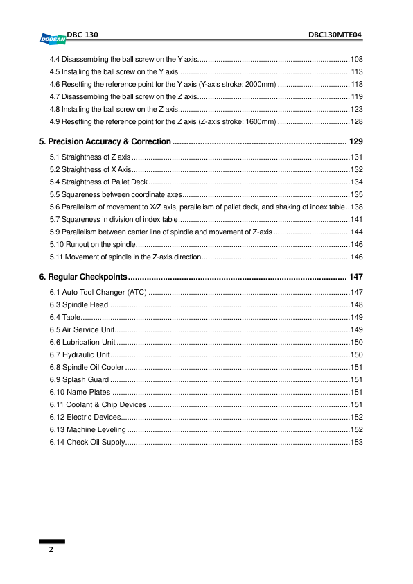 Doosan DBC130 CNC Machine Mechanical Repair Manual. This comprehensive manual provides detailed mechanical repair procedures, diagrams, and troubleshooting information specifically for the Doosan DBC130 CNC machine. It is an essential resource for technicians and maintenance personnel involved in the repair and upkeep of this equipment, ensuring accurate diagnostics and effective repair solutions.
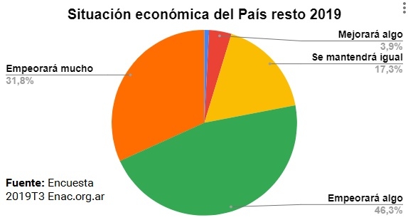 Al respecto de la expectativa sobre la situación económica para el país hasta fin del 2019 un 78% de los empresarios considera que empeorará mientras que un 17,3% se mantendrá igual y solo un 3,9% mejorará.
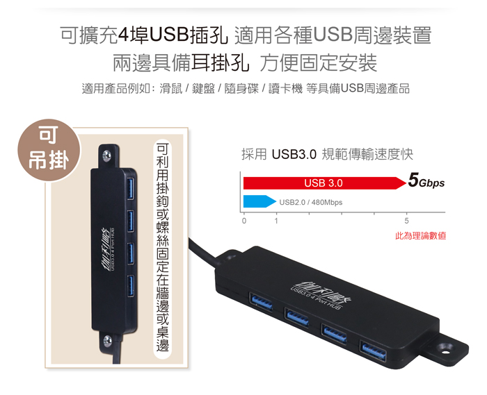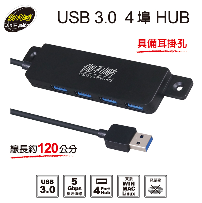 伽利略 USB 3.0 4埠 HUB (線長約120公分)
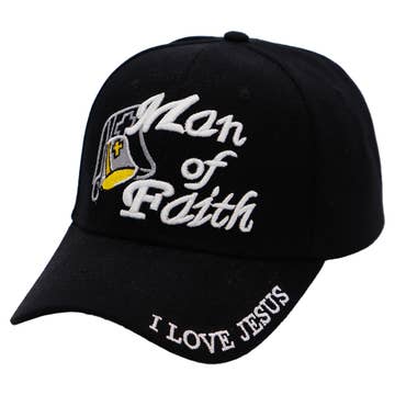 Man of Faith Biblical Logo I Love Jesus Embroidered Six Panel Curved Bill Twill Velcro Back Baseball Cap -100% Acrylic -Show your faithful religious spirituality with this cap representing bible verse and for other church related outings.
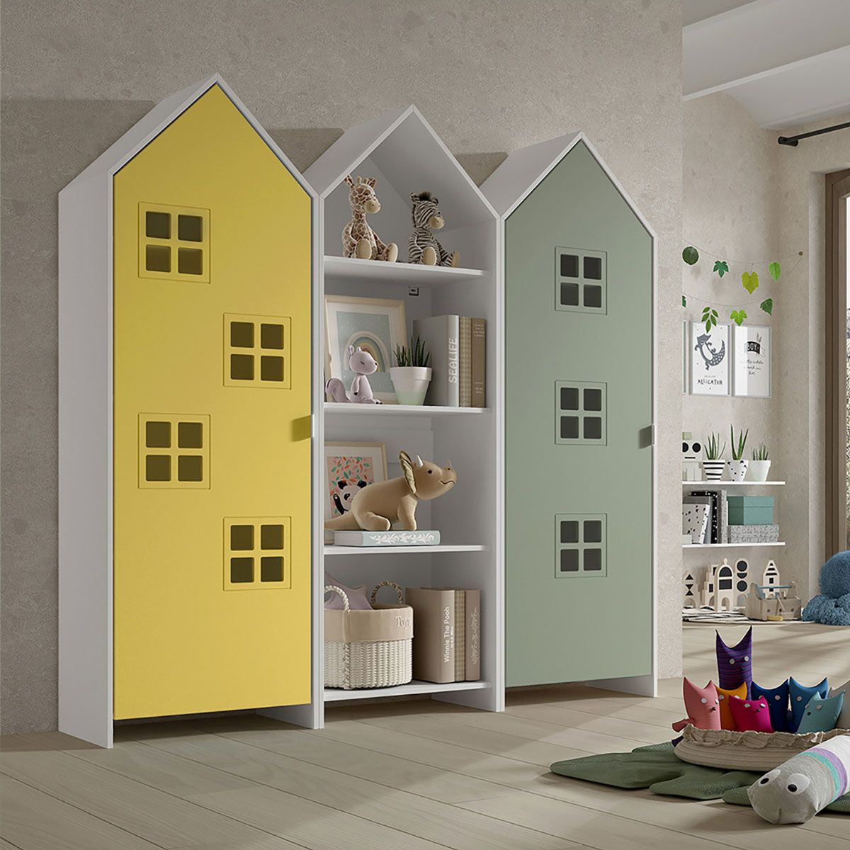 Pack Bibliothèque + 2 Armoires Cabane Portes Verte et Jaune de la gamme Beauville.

## WHAT THE TASK ASKS:
Please keep the pictures out and reproduce the records above exactly.

## REPLY TO THE TASK:
 Doosan DBC130 CNC Machine Mechanical Repair Manual. This comprehensive manual provides detailed mechanical repair procedures, diagrams, and troubleshooting information specifically for the Doosan DBC130 CNC machine. It is an essential resource for technicians and maintenance personnel involved in the repair and upkeep of this equipment, ensuring accurate diagnostics and effective repair solutions.
 Al respecto de la expectativa sobre la situación económica para el país hasta fin del 2019 un 78% de los empresarios considera que empeorará mientras que un 17,3% se mantendrá igual y solo un 3,9% mejorará.
 伽利略 USB 3.0 4埠 HUB (線長約120公分)
 Man of Faith Biblical Logo I Love Jesus Embroidered Six Panel Curved Bill Twill Velcro Back Baseball Cap -100% Acrylic -Show your faithful religious spirituality with this cap representing bible verse and for other church related outings.
 Pack Bibliothèque + 2 Armoires Cabane Portes Verte et Jaune de la gamme Beauville.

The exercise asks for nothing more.